| AIM OF THE EXERCISE |
Your answer must be an exact retyping of the line containing "En una concurrida" and every line after it through the end of the records below, with no pictures and nothing else.

•••

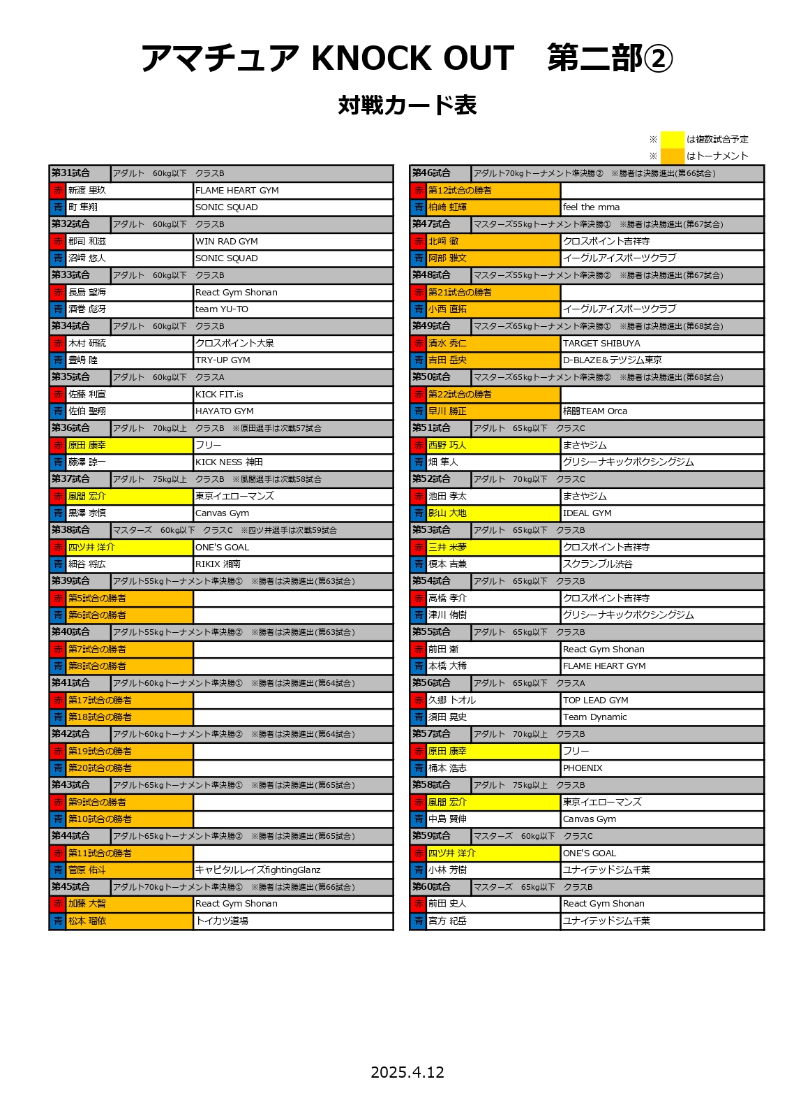 2025年4月12日(土)に新宿FACEで行われます「KNOCK OUTアマチュア」の対戦カードが決定いたしましたので、お知らせいたします。
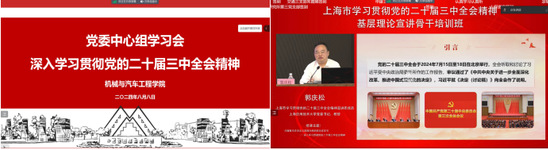 为深入学习党的二十届三中全会精神,深刻理解进一步全面深化改革的重大意义。8月8日,机械与汽车工程学院党委召开理论学习中心组学习会,线上参加了上海市举办的“学习贯彻党的二十届三中全会精神基层理论宣讲骨干培训班”,集中聆听了宣讲团成员郭庆松教授题为《闪耀着马克思主义真理光辉的政治宣言书——深入学习贯彻党的二十届三中全会精神》的宣讲报告。学院党委委员和班子成员参加学习,会议由党委书记虞蓉主持。
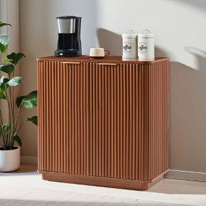 31.5" Buffet Sideboard Cabinet, Curved Wave Design, Adjustable Shelf, Oak Finish
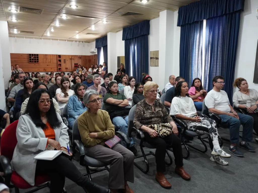 En una concurrida sala de conferencias del Palacio Córdoba, la maestra Catalina Ramírez Benítez, referente de la comunidad Pindó de Itapúa (Paraguay), acompañada por su pareja David Ocampo, ofreció una enriquecedora charla abierta al público y a distintos grupos de estudiantes.
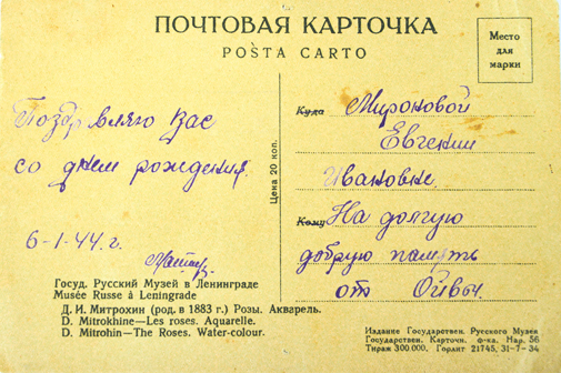 Открытка, отправленная в 1943 году, отпечатана за девять лет до того. Представьте сами, какими надо обладать чувствами, чтобы при тяжёлой работе на далёких лесозаготовках найти открытку
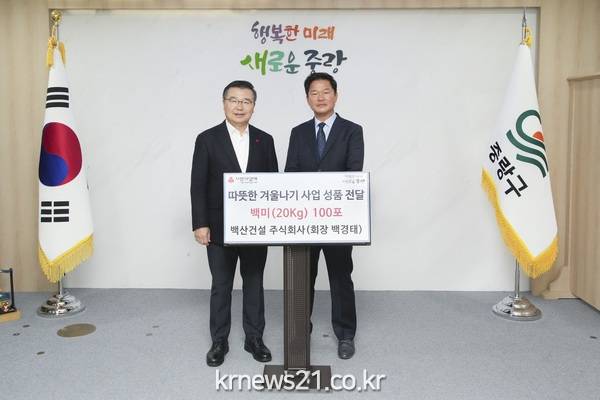 중랑구(구청장 류경기)가 지난 9일 백산건설 주식회사로부터 1천만 원 상당의 따뜻한 겨울나기 성금과 성품을 전달받았다고 밝혔다.
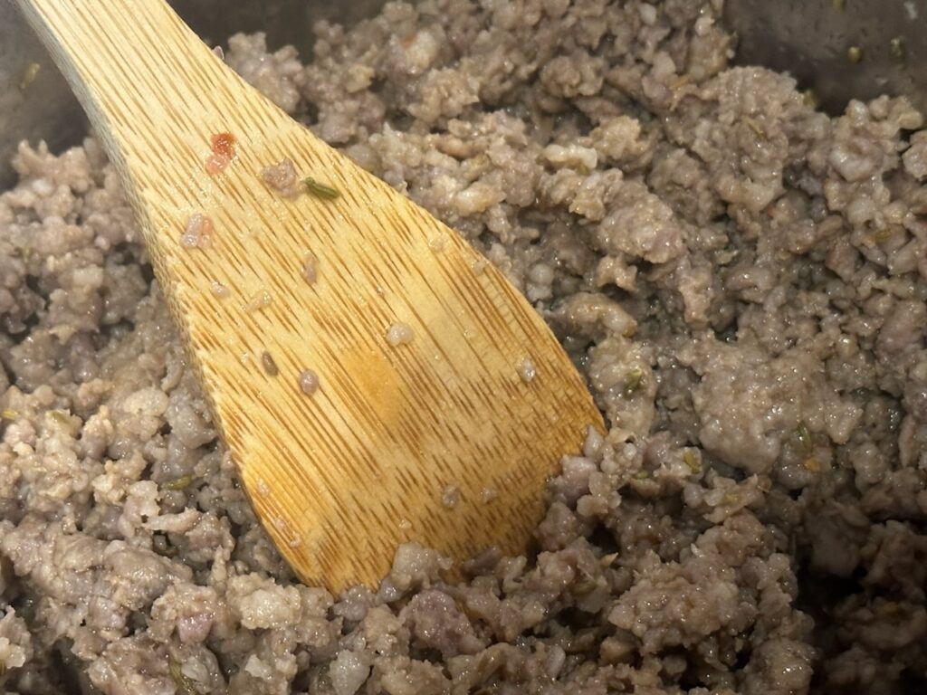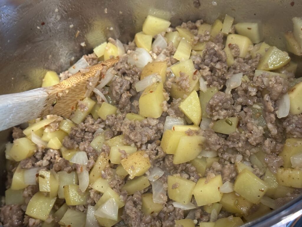 Chop potatoes (we kept the skin on) and onion. Brown Italian sausage, retain some grease for flavor, but remove any excessive grease. Mix onion in with sausage and sauté until onions are translucent. Add red pepper flakes and garlic and sauté for one additional minute.

•••

| RESULT OF THIS EXERCISE |
 En una concurrida sala de conferencias del Palacio Córdoba, la maestra Catalina Ramírez Benítez, referente de la comunidad Pindó de Itapúa (Paraguay), acompañada por su pareja David Ocampo, ofreció una enriquecedora charla abierta al público y a distintos grupos de estudiantes.
 Открытка, отправленная в 1943 году, отпечатана за девять лет до того. Представьте сами, какими надо обладать чувствами, чтобы при тяжёлой работе на далёких лесозаготовках найти открытку
 중랑구(구청장 류경기)가 지난 9일 백산건설 주식회사로부터 1천만 원 상당의 따뜻한 겨울나기 성금과 성품을 전달받았다고 밝혔다.
 Chop potatoes (we kept the skin on) and onion. Brown Italian sausage, retain some grease for flavor, but remove any excessive grease. Mix onion in with sausage and sauté until onions are translucent. Add red pepper flakes and garlic and sauté for one additional minute.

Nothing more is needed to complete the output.